» **Input data**
Content starts

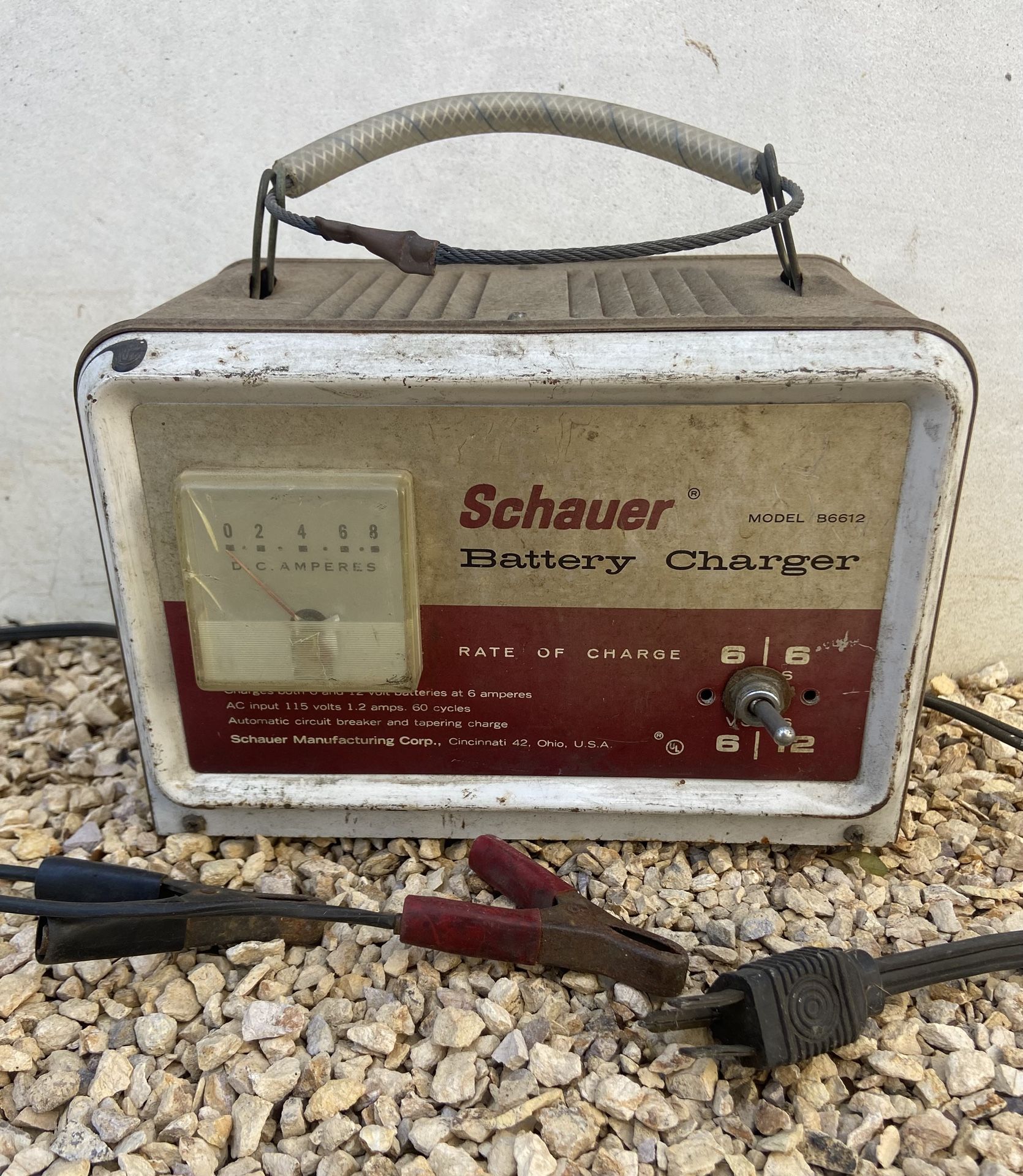 Selling a TESTED AND WORKING Schauer Model B6612 battery charger with grab-and-go top handle. - Charges both 6 volt and 12 volt batteries at 6 amperes (6 amps) - AC input 115 volts (115 V), 1.2 amps, 60 cycles - Automatic circuit breaker and tapering charge - From the Schauer Manufacturing Corp. in Cincinnati, Ohio, USA Cord has splice. Feel free to message me with any questions.
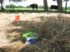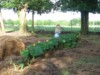 Hay mulch covering in the AG patch is nearly complete. That's about three 4x5 round bales of hay, torn apart, and spread as a covering. The 1556 Companion '12 is in the foreground, with the 1641 Montgomery '11 behind, and to the left.
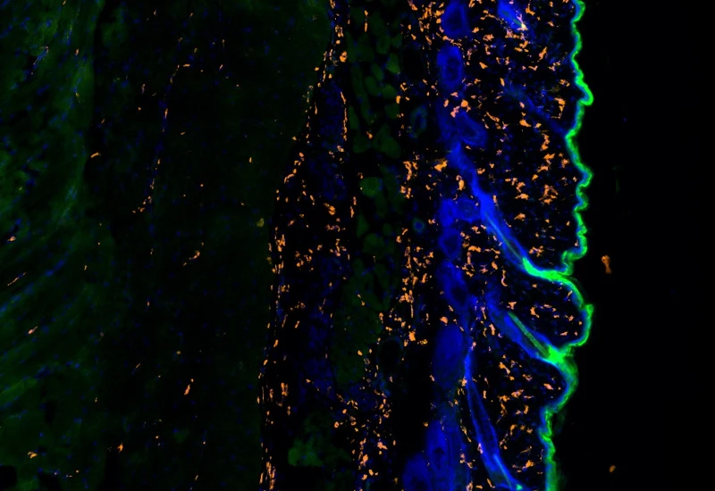 The IF Skin Morphology App provides tissue detection including segmentation into epidermis and dermis based on specific IF staining. It segments the cells into nucleus, and/or perinuclear area and/or cytoplasm and determines the cellular phenotype of specific IF stained cell populations. The detected cells can be classified and visualized as being either within or outside of detected structures (epidermis and dermis). Each segmented cell compartment is measured for up to 20 intensity, statistics and morphometric parameters which can be displayed in diagrams and exported. Image Courtesy: Hosana Rodrigues, State University of Campinas

Content ends

» **What you will do**
The copy must match the listing above exactly but contain no pictures.

» **Response area**
 Selling a TESTED AND WORKING Schauer Model B6612 battery charger with grab-and-go top handle. - Charges both 6 volt and 12 volt batteries at 6 amperes (6 amps) - AC input 115 volts (115 V), 1.2 amps, 60 cycles - Automatic circuit breaker and tapering charge - From the Schauer Manufacturing Corp. in Cincinnati, Ohio, USA Cord has splice. Feel free to message me with any questions.
 Hay mulch covering in the AG patch is nearly complete. That's about three 4x5 round bales of hay, torn apart, and spread as a covering. The 1556 Companion '12 is in the foreground, with the 1641 Montgomery '11 behind, and to the left.
 The IF Skin Morphology App provides tissue detection including segmentation into epidermis and dermis based on specific IF staining. It segments the cells into nucleus, and/or perinuclear area and/or cytoplasm and determines the cellular phenotype of specific IF stained cell populations. The detected cells can be classified and visualized as being either within or outside of detected structures (epidermis and dermis). Each segmented cell compartment is measured for up to 20 intensity, statistics and morphometric parameters which can be displayed in diagrams and exported. Image Courtesy: Hosana Rodrigues, State University of Campinas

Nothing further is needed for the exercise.